All great ideas start in one place – with the customer.
Too many times we try to fathom our creative thinking to come up with the great idea that will just click. We are using push rather than pull. How many great ideas died simply because they were no valued by the market? We thought too much about what we wanted to bring rather than what people actually wanted and needed.
We need to think first and foremost from the customer’s chair. Your customer is who you are selling to – and we all are selling by the way – and could be the end product customer of your organization or your boss or other target.
To come up with the next great idea, start with how your customer uses your product or service. Staple yourself to an order and walk through the entire process of how your customer uses your product or service. Pretend you are a customer (or better yet, talk to actual customers) and move step-by-step through the entire process – why you need it to begin with, how you make your decision, making the purchase, using the product or service, and gaining results. Focus on both the functional (how it works) and the emotional (how it feels).
Step back and think about the needs that move your customer to buy from you and specifically how they use your product or service. What are the results they want to achieve and how does it work?
Now look at the experience at all points and think about how additional value could be created to make your customer’s life easier and better. Brainstorm all the ways you could add to your customer’s results – focus on what they want to attain – and narrow down to the best ideas to make the experience better.
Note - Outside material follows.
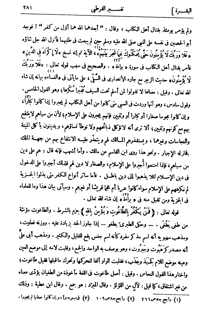وَلَمْ يُؤْمَرْ يَوْمَئِذٍ بِقِتَالِ أَهْلِ الْكِتَابِ، وَقَالَ:" أَبْعَدَهُمَا اللَّهُ هُمَا أَوَّلُ مَنْ كَفَرَ"! فَوَجَدَ أَبُو الْحُصَيْنِ فِي نَفْسِهِ عَلَى النَّبِيِّ صَلَّى اللَّهُ عَلَيْهِ وَسَلَّمَ حِينَ لَمْ يَبْعَثْ فِي طَلَبِهِمَا فَأَنْزَلَ اللَّهُ جَلَّ ثَنَاؤُهُ" فَلا وَرَبِّكَ لَا يُؤْمِنُونَ حَتَّى يُحَكِّمُوكَ فِيما شَجَرَ بَيْنَهُمْ «١» "، الْآيَةَ ثُمَّ إِنَّهُ نَسَخَ" لَا إِكْراهَ فِي الدِّينِ" فَأَمَرَ بِقِتَالِ أَهْلِ الْكِتَابِ فِي سُورَةِ" بَرَاءَةٌ «٢» ". وَالصَّحِيحُ فِي سَبَبِ قَوْلِهِ تَعَالَى:" فَلا وَرَبِّكَ لَا يُؤْمِنُونَ" حَدِيثُ الزُّبَيْرِ مَعَ جَارِهِ الْأَنْصَارِيِّ فِي السَّقْيِ، عَلَى مَا يَأْتِي فِي" النِّسَاءِ «٣» " بَيَانُهُ إِنْ شَاءَ اللَّهُ تَعَالَى. وَقِيلَ: مَعْنَاهَا لَا تَقُولُوا لِمَنْ أَسْلَمَ تَحْتَ السَّيْفِ مُجْبَرًا مُكْرَهًا، وَهُوَ الْقَوْلُ الْخَامِسُ. وَقَوْلٌ سَادِسٌ، وَهُوَ أَنَّهَا وَرَدَتْ فِي السَّبْيِ مَتَى كَانُوا مِنْ أَهْلِ الْكِتَابِ لَمْ يُجْبَرُوا إِذَا كَانُوا كِبَارًا «٤»، وَإِنْ كَانُوا مَجُوسًا صِغَارًا أَوْ كِبَارًا أَوْ وَثَنِيِّينَ فَإِنَّهُمْ يُجْبَرُونَ عَلَى الْإِسْلَامِ، لِأَنَّ مَنْ سَبَاهُمْ لَا يَنْتَفِعُ بِهِمْ مَعَ كَوْنِهِمْ وَثَنِيِّينَ، أَلَا تَرَى أَنَّهُ لَا تُؤْكَلُ ذَبَائِحُهُمْ وَلَا تُوطَأُ نِسَاؤُهُمْ، وَيَدِينُونَ بِأَكْلِ الْمَيْتَةِ وَالنَّجَاسَاتِ وَغَيْرِهِمَا، وَيَسْتَقْذِرُهُمُ الْمَالِكُ لَهُمْ وَيَتَعَذَّرُ عَلَيْهِ الِانْتِفَاعُ بِهِمْ مِنْ جِهَةِ الْمِلْكِ فَجَازَ لَهُ الْإِجْبَارُ. وَنَحْوَ هَذَا رَوَى ابْنُ الْقَاسِمِ عَنْ مَالِكٍ. وَأَمَّا أَشْهَبُ فَإِنَّهُ قَالَ: هُمْ عَلَى دِينِ مَنْ سَبَاهُمْ، فَإِذَا امْتَنَعُوا أُجْبِرُوا عَلَى الْإِسْلَامِ، وَالصِّغَارُ لَا دِينَ لَهُمْ فَلِذَلِكَ أُجْبِرُوا عَلَى الدُّخُولِ فِي دِينِ الْإِسْلَامِ لِئَلَّا يَذْهَبُوا إِلَى دِينٍ بَاطِلٍ. فَأَمَّا سَائِرُ أَنْوَاعِ الْكُفْرِ مَتَى بَذَلُوا الْجِزْيَةَ لَمْ نُكْرِهْهُمْ عَلَى الْإِسْلَامِ سَوَاءٌ كَانُوا عَرَبًا أَمْ عَجَمًا قُرَيْشًا أَوْ غَيْرَهُمْ. وَسَيَأْتِي بَيَانُ هَذَا وَمَا لِلْعُلَمَاءِ فِي الْجِزْيَةِ وَمَنْ تُقْبَلُ مِنْهُ فِي" بَرَاءَةٌ «٥» " إِنْ شَاءَ اللَّهُ تَعَالَى. قَوْلُهُ تَعَالَى: (فَمَنْ يَكْفُرْ بِالطَّاغُوتِ وَيُؤْمِنْ بِاللَّهِ) جَزْمٌ بِالشَّرْطِ. وَالطَّاغُوتُ مُؤَنَّثَةٌ مِنْ طغى يطغى.- وحكى الطبري يطغوإذا جَاوَزَ الْحَدَّ بِزِيَادَةٍ عَلَيْهِ. وَوَزْنُهُ فَعْلُوتُ، وَمَذْهَبُ سِيبَوَيْهِ أَنَّهُ اسْمٌ مُذَكَّرٌ مُفْرَدٌ كَأَنَّهُ اسْمُ جِنْسٍ يَقَعُ لِلْقَلِيلِ وَالْكَثِيرِ. وَمَذْهَبُ أَبِي عَلِيٍّ أَنَّهُ مَصْدَرٌ كَرَهَبُوتٍ وَجَبَرُوتٍ، وَهُوَ يُوصَفُ بِهِ الْوَاحِدُ وَالْجَمْعُ، وَقُلِبَتْ لَامُهُ إِلَى مَوْضِعِ الْعَيْنِ وَعَيْنُهُ مَوْضِعَ اللَّامِ كَجَبَذَ وَجَذَبَ، فَقُلِبَتِ الْوَاوُ أَلِفًا لِتَحَرُّكِهَا وَتَحَرُّكِ مَا قَبْلَهَا فَقِيلَ طَاغُوتُ، وَاخْتَارَ هَذَا الْقَوْلَ النَّحَّاسُ. وَقِيلَ: أَصْلُ طَاغُوتٍ فِي اللُّغَةِ مَأْخُوذَةٌ مِنَ الطُّغْيَانِ يُؤَدِّي مَعْنَاهُ مِنْ غَيْرِ اشْتِقَاقٍ، كَمَا قِيلَ: لَآلٍ مِنَ اللُّؤْلُؤِ. وَقَالَ الْمُبَرِّدُ: هُوَ جَمْعٌ. وَقَالَ ابْنُ عطية: وذلك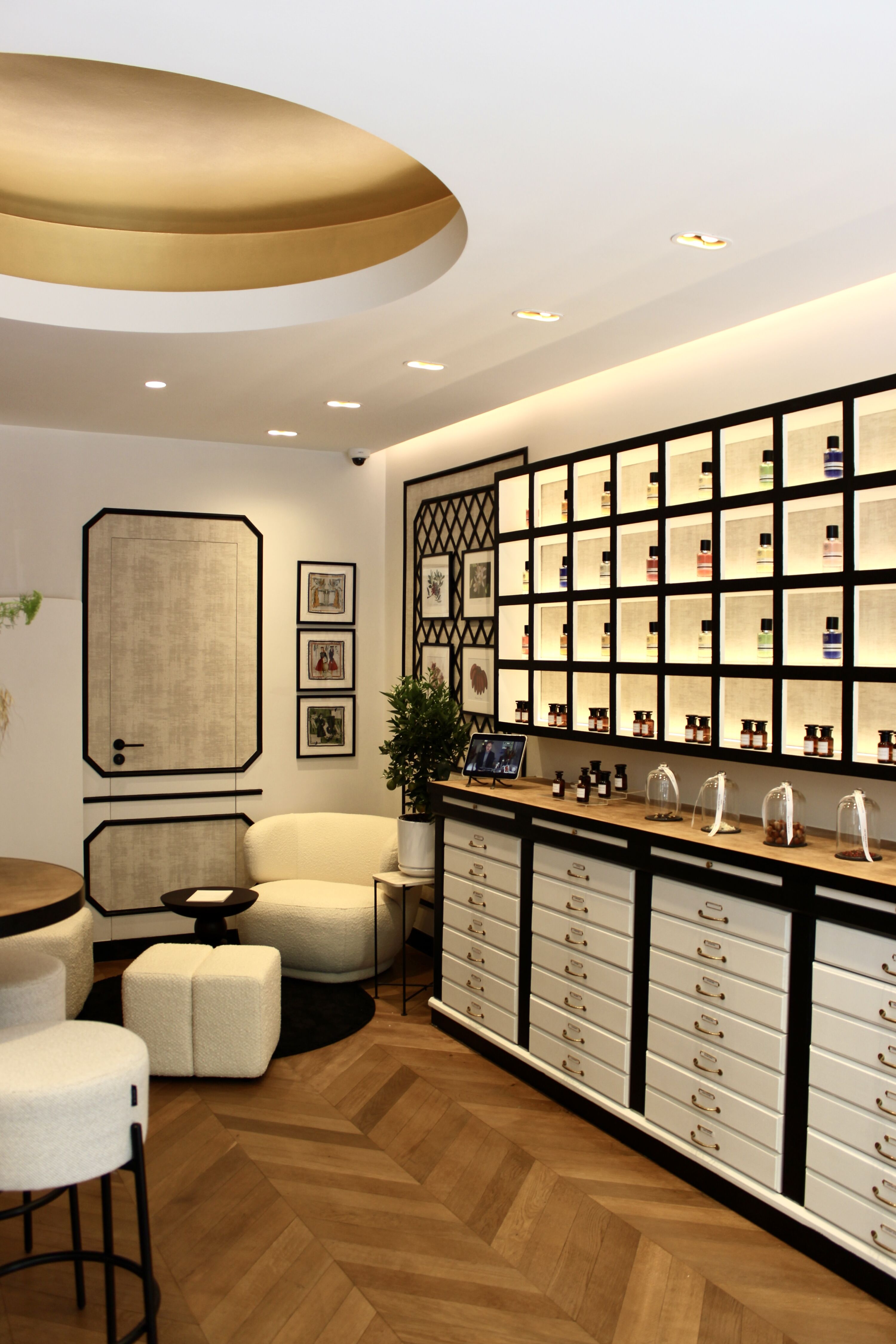 Butik je velkým letním překvapením, kterým nás značka obdarovala… Jak vysvětluje kreativní ředitelka Rania Naim: "Otevření pařížské adresy bylo sice v našich plánech do budoucna, ale v době Esxence, na konci loňského února, ještě nebylo nic konkrétního ani na spadnutí. Možnost usadit se v prvním patře této budovy, hned pod našimi kancelářemi, se naskytla až v dubnu. Všechno pak šlo velmi rychle." Ve skutečnosti uplynuly mezi představou Ranii Naim o prostoru – veškeré plány i design butiku vytvořila sama – a dokončením prací pouhé tři měsíce.

The next great idea lies right in front of you with your customer. Start with why your customer buys from you, how your customer uses your product and service, and what your customer wants from the experience of working with you. Find a way to make your customer’s life better and you have the next great idea. Let your customers pull you to the next great thing rather than try to push something on them.
Position your great idea in terms of the customer and adding value and, believe me, people will take notice – in a very good way.